Plusieurs études l’ont démontré : en matière d’observance la conviction du médecin est déterminante. Or, dans l’ostéoporose, la perception du risque est souvent minorée et globalement « les médecins sous-estiment l’impact des fractures fémorales sur la mortalité et l'impact des fractures vertébrales sur la qualité de vie » souligne le Pr Erick Legrand (Service de rhumatologie, CHU et Université d’Angers). Spontanément, les généralistes redoutent bien davantage la survenue d’un infarctus du myocarde que celle d’une fracture de l'extrémité supérieure du fémur, « alors que, vers 75-80 ans, la mortalité dans l’année suivante est de l'ordre de 20% pour ces deux pathologies ».
Une thèse récente enfonce le clou. Selon ce travail réalisé auprès de 3 954 généralistes, « la plupart des médecins semblent hiérarchiser les maladies chroniques – tant sur l’importance, à leurs yeux, de la pathologie que sur l’intérêt qu’ils portent sur l’observance du patient – et l’ostéoporose apparaît nettement secondaire à d’autres pathologies chroniques ». De plus, « la moitié n’est pas convaincue de l’efficacité du traitement antiostéoporotique, tandis que plus de 80 % redoutent les effets secondaires. »
La crainte des effets secondaires
En miroir « la crainte des effets secondaires est aussi largement exprimée par les patientes, témoigne le Pr Legrand et là ou il y a 15 ans celles-ci me demandaient à quel point le traitement allait être efficace désormais elles me demandent surtout à quel point le traitement va générer des effets indésirables. Pourtant, par rapport aux autres médicaments prescrits en rhumatologie (antalgiques paliers 2 et 3, AINS, immunomodulateurs, glucocorticoïdes) les antiostéoporotiques sont de loin la catégorie médicamenteuse la mieux tolérée ».

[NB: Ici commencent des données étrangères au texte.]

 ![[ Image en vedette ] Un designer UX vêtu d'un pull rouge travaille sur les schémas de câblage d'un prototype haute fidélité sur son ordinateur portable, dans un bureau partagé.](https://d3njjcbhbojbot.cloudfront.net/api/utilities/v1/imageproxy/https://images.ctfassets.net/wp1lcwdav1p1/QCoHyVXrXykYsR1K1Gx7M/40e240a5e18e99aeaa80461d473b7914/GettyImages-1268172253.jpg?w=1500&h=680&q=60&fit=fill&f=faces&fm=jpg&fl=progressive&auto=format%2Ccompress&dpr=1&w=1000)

Les controverses scientifiques successives sur l’intérêt du calcium, la dangerosité des œstrogènes, le risque d’ostéonécrose de la mâchoire sous biphosphonate (largement médiatisée) ou plus récemment les risques vasculaires du ranelate de strontium ne sont sûrement pas étrangères à ces évolutions.
Mais au-delà de cette « crise de confiance », plusieurs autres éléments peuvent impacter l’observance dans l’ostéoporose. Au premier rang desquels « une mauvaise transmission des informations entre le médecin initialement prescripteur, le médecin traitant et le patient lequel, au final, ne retournera pas chez son médecin pour le renouvellement » pointe le Pr Legrand. Le constat vaut particulièrement lorsque le traitement est initié après une fracture, avec pour les patients une confusion fréquente entre traitement de l’ostéoporose et traitement de la fracture et à la clé un arrêt précoce après 3 mois. Dans ce contexte, mieux vaut préciser d’emblée aux patients qu’ils s’engagent dans un traitement de longue haleine et anticiper le suivi, avec par exemple la programmation de consultations au long cours.

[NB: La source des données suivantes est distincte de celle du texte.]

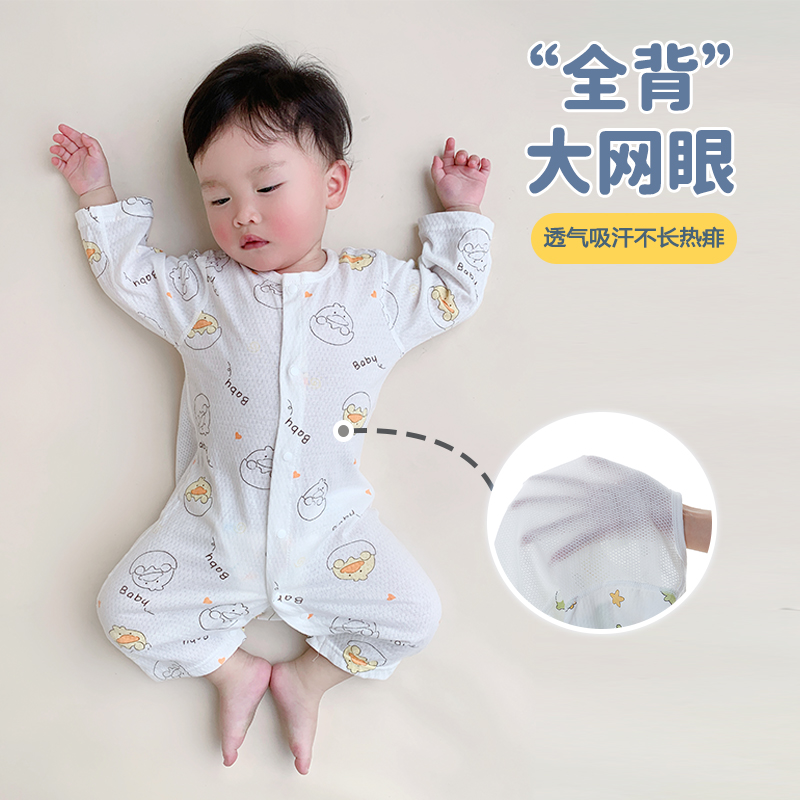 春夏薄款长袖长裤婴儿连体衣男女宝宝空调服睡衣纯棉哈衣透气网眼

Le caractère asymptomatique de l’ostéoporose, les difficultés qu’ont certains à appréhender le risque fracturaire et l’absence d’outils de mesures simples permettant d’évaluer l’impact du traitement jouent aussi les troubles fêtes. Et imposent au praticien de trouver des mots simples pour expliquer aux patientes leur maladie. Par exemple, « plutôt que de parler de densité minérale osseuse et de fractures ostéoporotiques, mieux vaut parler de fragilité osseuse et de fractures survenant sans traumatisme » propose le Pr Legrand.

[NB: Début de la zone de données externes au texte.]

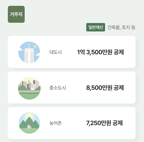 노령연금 재산기준으로는 기본재산액은 대도시 1억 3천5백만 원, 중소도시 8천5백만 원, 농어촌 7천2백5십만 원이며 금융재산은 가구당 2천만 원입니다.

Ensuite « certains praticiens utilisent le dosage ponctuel de marqueurs du remodelage osseux comme le CTX pour aider les patientes à objectiver l’impact du traitement sur l’os ».
Enfin les contraintes de prise peuvent aussi constituer un obstacle au bon suivi du traitement. À ce titre, les traitements injectables de longue durée d’action peuvent être un plus « notamment pour les personnes polypathologiques où celles qui ont des difficultés de mémoire dont on sait dès la première consultation qu’elles auront du mal à prendre correctement leur traitement par voie orale ».
« Dans tous les cas, il demeure essentiel de garder en mémoire que la bonne prescription d'un traitement de fond de l'ostéoporose associé à de la vitamine D, réduit le risque de fracture d'environ 50 % avec des effets secondaires sérieux et objectifs très rares ».